Step one: Get some wheat berries.  I ordered mine from Vitacost since you get a free $10 coupon when you create an account.  I didn't feel like spending good money on an experiment when I knew it might not work.

I used hard white wheat berries, but I wouldn't think it would make much difference what kind you use.

Step Two:  Get your blender ready to go.  Do not let the brand name of my blender fool you.  KitchenAid mixers are definitely 10 steps ahead of any other mixer, but their blenders?  Eh…not my favorite by any means.  All that to say – even if you have a cheap blender, it will probably work just fine.

Step 3:   Add the wheat berries and start grinding.  I only ground about a cup at a time.  The wheat berries jumped so high when I turned it on that I was afraid if I added any more the flour would start flying out the top of the blender.

Step four: I found that I needed to let it run on high for about 2 minutes. If I ground for less time it still had chunks.
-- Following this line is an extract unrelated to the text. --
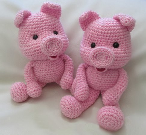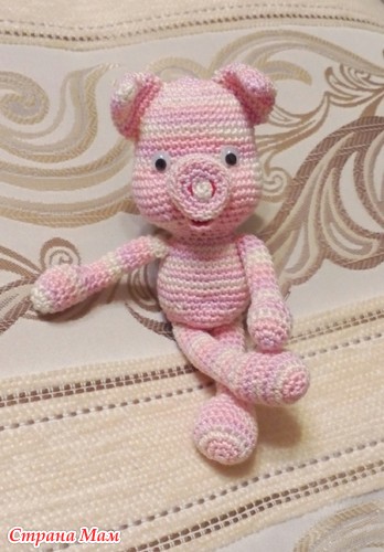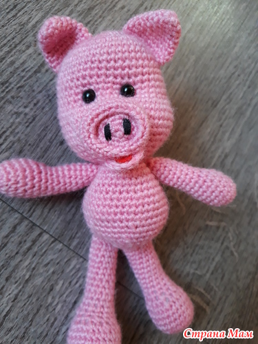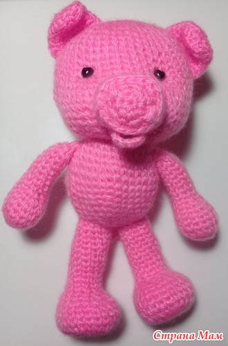 Ноги одной стороной пришить к стопам, другой к туловищу! Надеваем платье на туловище и вместе с ним пришиваем к голове. Собрать Пеппу. На месте глаз сначала сделать утяжки, потом пришивать глазки. Пятачок за свободные полупетли обвязать розовым цветом (темнее, чем тело)!

And if I ground for more time, it didn't seem to get any more fine, but the motor started heating up the flour.

Step five: Bake some bread or rolls using your favorite whole wheat bread recipe.  I actually made some of both.  My bread didn't turn out too pretty, but you get the idea.



My conclusion:  The blender definitely does not get the flour very fine.  The dough feels very gritty when you're working with it.  But as you can see from the pictures, it is still very useable.  (How pretty your bread turns out just depends on how good of a cook you are – which I'm obviously not the greatest!)

I'm very curious now to try out a recipe I saw for Blender Pancakes!  You grind the wheat in the blender along with the other pancake ingredients and then pour them onto the griddle!

Maybe soon you'll see a post on how that turned out!